Papariga, aynen 1981’de PASOK iktidara gelirken yaratılan “Bu gece sağ ölüyor” atmosferinin ortaya çıktığını ve bu kez bu yanılsamanın “iki partili sistemin sonunun ve solun gününün geldiği” söylemi ile yeniden üretildiğini belirtti. SEV Başkanı’nın SYRIZA’yı hükümette görmek istemesinin tesadüf olmadığını söyleyen Papariga sözlerine “SYRIZA liderinin halka başka dille G20 ülkesi temsilcilerine başka dille konuşması da tesadüf değildir” şeklinde devam etti. SYRIZA liderinin muazzam bir kendini beğenmişlikle Nazilere karşı verilen Ulusal Direniş’le SYRIZA’nın aldığı seçim sonucu arasında paralellik kurduğunu söyleyen Papariga, Ulusal Direniş’in “kapitalist büyüme” amacıyla yaratılmadığını dile getirdi.

Halkı gözünün önünde oynanan oyunu görmeye davet eden Papariga, dünyada bir kapitalist büyüme sürecinden geçilmediğini aksine özellikle Avro bölgesinde derin bir kapitalist kriz yaşandığını, bu nedenle boş hayallere kapılınmaması gerektiğini vurguladı ve atılacak bir geri adımın halk ve onun kazanımları için muazzam bir altüst oluşla sonuçlanacağını belirtti.
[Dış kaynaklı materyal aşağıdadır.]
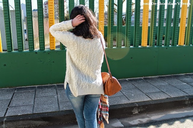 I wear my new sweater off-white wool, jeans and boots Fat claritos Company with pink shades like entrenzado collar. Bufamanta, brown bag and green parka with imitation leather sleeves.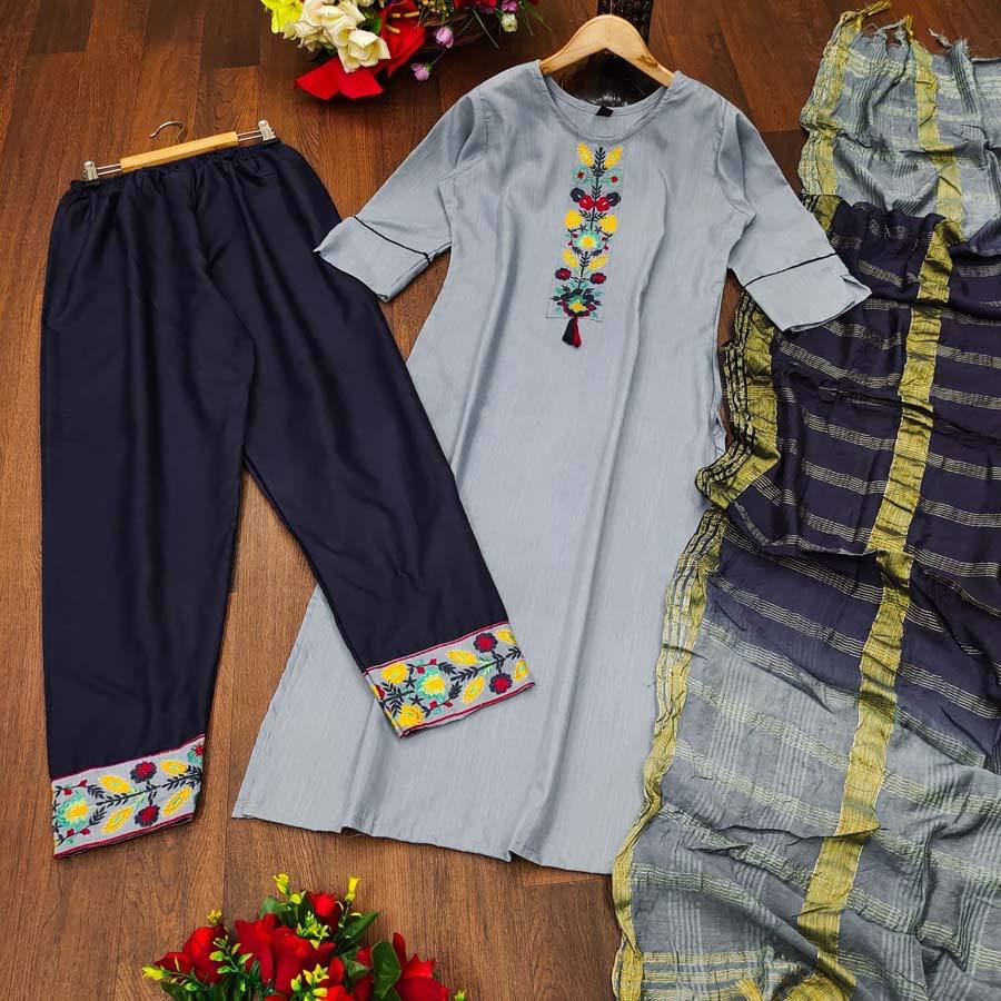 SIMPLE VISCOSE DESIGNER REGULAR FIT TOP PANT SET WITH DUPATTA READY to WEAR GREY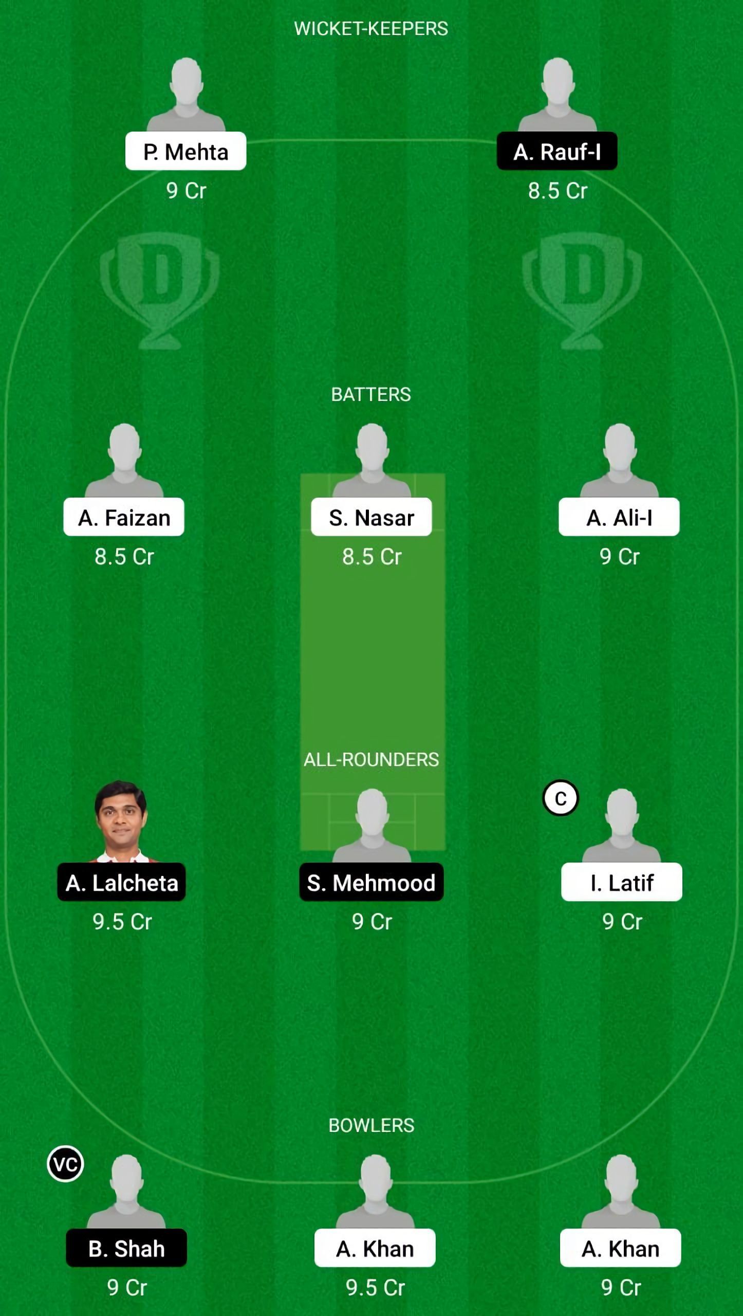 Fantasy Suggestion #2: A. Rauf, P. Mehta, A. Ali, S. Nasar, A. Faizan, A. Lalcheta, S. Mehmood, I. Latif, B. Shah, A. Khan, A. Khan

'Ya halk saldırıya geçecek ya geriye düşecek'
Bugün gerçek ikilemin ya halkın karşı saldırıya geçmesi ya da toptan bir iflas arasında olduğunu ve halkın karşı saldırısının sadece basit bir mücadeleye indirgenemeyeceğini söyleyen Aleka Papariga, esas sorunun halkı iktidara taşıyacak ittifakları gerçekleştirerek bütünlüklü bir hareketin oluşturulması sorunu olduğunu söyledi. Merkezinde Yeni Demokrasi ya da SYRIZA’nın durduğu bir hükümetin ya da söylendiği gibi bir ulusal birlik vb. hükümetinin kurulması durumda da sistemin sıkıntısının bitmeyeceğini söyleyen Papariga, hükümetin kurulamamasının da bir ihtimal olduğunu sözlerine ekledi ve şöyle devam etti: “Emekçiler, sistemin siyasi zafiyetinden ve bu zafiyetin kendi müdahaleleri ile artmasından korkmamalıdır. Aksine halk önümüzdeki günlerde yaşanan gelişmelere karşı en ön sırada saf tutmaya hazırlıklı olmalıdır.”

Ekonomik kriz
KKE dışında tüm partilerin, SYRIZA da dahil olmak üzere, AB içinde planlarını yaptıklarını söyleyen Aleka Papariga, bunun halka geri dönüşünün daha büyük bir yıkım olacağını, önümüzdeki günlerde AB tarafından Yunanistan’a yeni önlem paketlerinin dayatılacağını ve KKE dışında kimsenin ülkenin üretici gücüne ve yeteneğine güvenmediğini belirtti. Yunanistan’ın kaynaklarını doğru biçimde kullandığı takdirde ülkede toplumsal bir kalkınmanın ve tam istihdamın gerçekleşebilir olduğunu sözlerine ekledi.

KKE’nin tarihsel ve güncel deneyiminin bugün için muazzam önemde olduğunu vurgulayan Genel Sekreter Aleka Papariga sözlerini şu şekilde noktaladı:

“Bilmelisiniz ki siyasal faktörlerin ve partilerin davranışları her daim göründükleri gibi değildir. Bazen geçici olarak düşmanın kazanması için ona prim verebilirler. Onun ardından kendileri gelsin diye... Dikkat edin bizim pozisyonumuz budur. İyi seçimler, iyi çalışmalar. Pazartesi’den itibaren devam ediyoruz. Pazartesi’den itibaren devam ediyoruz zira ne kimseye zaman için kredi verebilme lüksümüz var ne de bekleme.”